[Directions for this task]:
From top to bottom, return the listing exactly as it appears, omitting its images.

[Data below Boundary: Start]

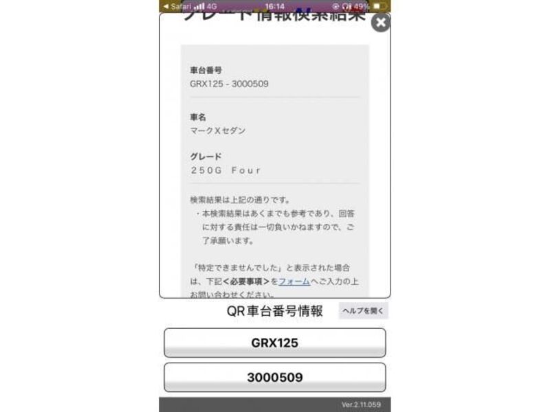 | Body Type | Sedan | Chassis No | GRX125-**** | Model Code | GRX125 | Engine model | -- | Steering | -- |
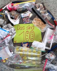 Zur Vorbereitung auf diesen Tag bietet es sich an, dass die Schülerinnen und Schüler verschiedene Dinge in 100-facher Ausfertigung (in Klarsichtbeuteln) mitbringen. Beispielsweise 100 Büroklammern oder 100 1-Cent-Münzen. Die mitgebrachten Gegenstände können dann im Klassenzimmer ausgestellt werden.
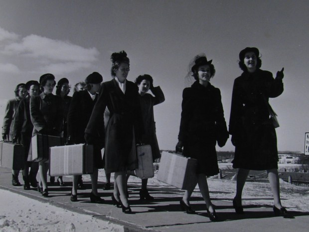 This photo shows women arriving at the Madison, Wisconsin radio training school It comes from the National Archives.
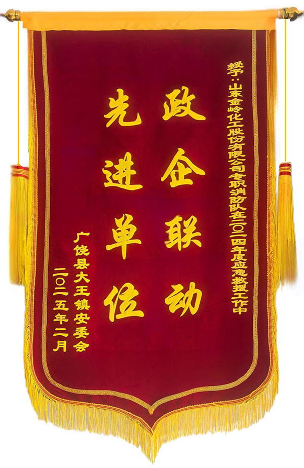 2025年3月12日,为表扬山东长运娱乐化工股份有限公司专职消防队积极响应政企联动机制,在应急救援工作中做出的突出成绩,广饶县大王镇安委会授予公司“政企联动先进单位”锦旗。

[Data below Boundary: End]

[Reply]:
 | Body Type | Sedan | Chassis No | GRX125-**** | Model Code | GRX125 | Engine model | -- | Steering | -- |
 Zur Vorbereitung auf diesen Tag bietet es sich an, dass die Schülerinnen und Schüler verschiedene Dinge in 100-facher Ausfertigung (in Klarsichtbeuteln) mitbringen. Beispielsweise 100 Büroklammern oder 100 1-Cent-Münzen. Die mitgebrachten Gegenstände können dann im Klassenzimmer ausgestellt werden.
 This photo shows women arriving at the Madison, Wisconsin radio training school It comes from the National Archives.
 2025年3月12日,为表扬山东长运娱乐化工股份有限公司专职消防队积极响应政企联动机制,在应急救援工作中做出的突出成绩,广饶县大王镇安委会授予公司“政企联动先进单位”锦旗。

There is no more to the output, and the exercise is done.